Analysis of a Dynamic Voluntary Contribution Mechanism Public Good Game

TL;DR

This paper introduces a dynamic public good game where players invest in contribution productivity over time, analyzing equilibrium, worst-case, and optimal strategies through mathematical and simulation methods.

Contribution

It develops a novel dynamic model linking investment in contribution productivity with public good provision, providing insights into equilibrium and optimal strategies.

Findings

Multiple Nash equilibria exist with varied investment and contribution strategies.

The socially optimal strategy involves early investment followed by maximum contribution.

Mathematical analysis and simulations reveal the timing of optimal investment and contribution.

Abstract

I present a dynamic, voluntary contribution mechanism, public good game and derive its potential outcomes. In each period, players endogenously determine contribution productivity by engaging in costly investment. The level of contribution productivity carries from period to period, creating a dynamic link between periods.

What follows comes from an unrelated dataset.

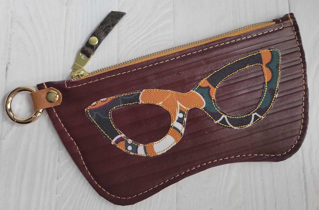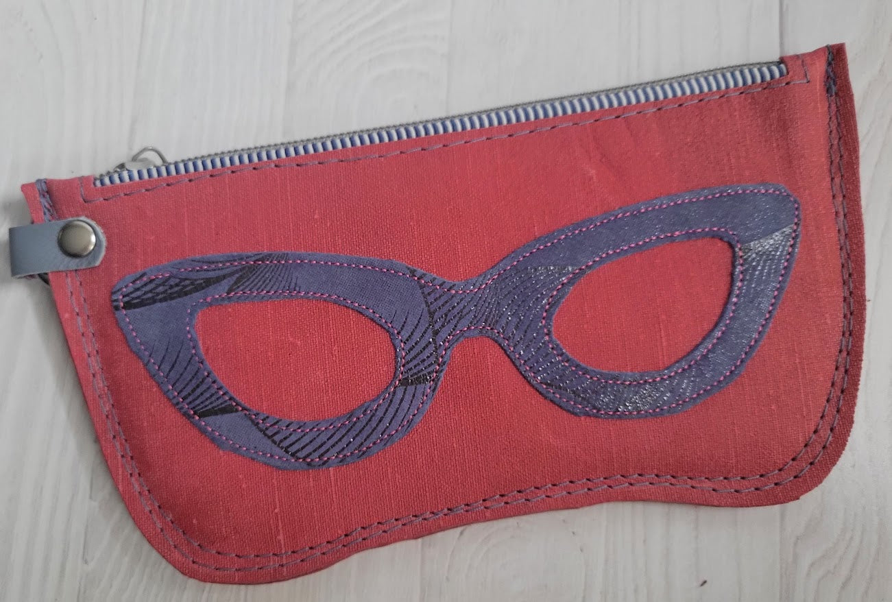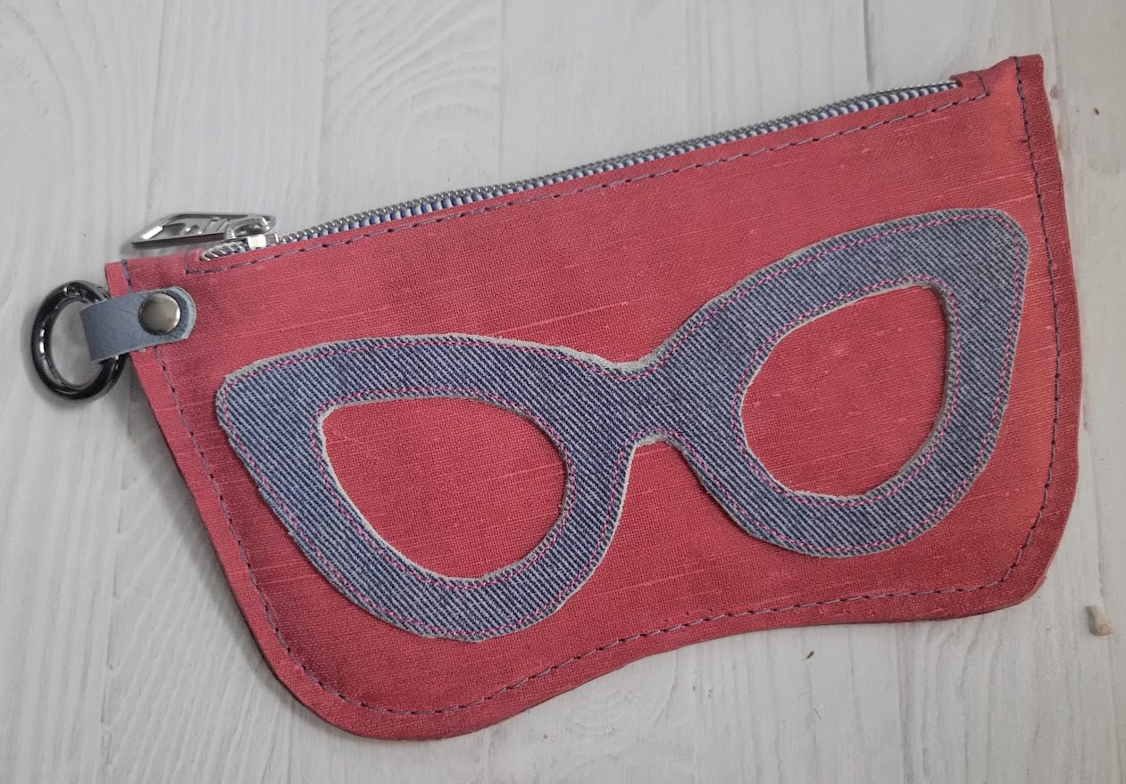 Fun eyeglass case with glasses appliqued on exterior. Fits most size glasses & sunglasses.

The investment mimics investing in the stock of technology for producing public goods such as national defense or a clean environment. After investing, players decide how much of their remaining money to contribute to provision of the public good, as in traditional public good games. I analyze three kinds of outcomes of the game: the lowest payoff outcome, the Nash Equilibria, and socially optimal behavior. In the lowest payoff outcome, all players receive payoffs of zero. Nash Equilibrium occurs when players invest any amount and contribute all or nothing depending on the contribution productivity. Therefore, there are infinitely many Nash Equilibria strategies. Finally, the socially optimal result occurs when players invest everything in early periods, then at some point switch to contributing everything. My goal is to discover and explain this point. I use mathematical analysis and computer simulation to derive the results.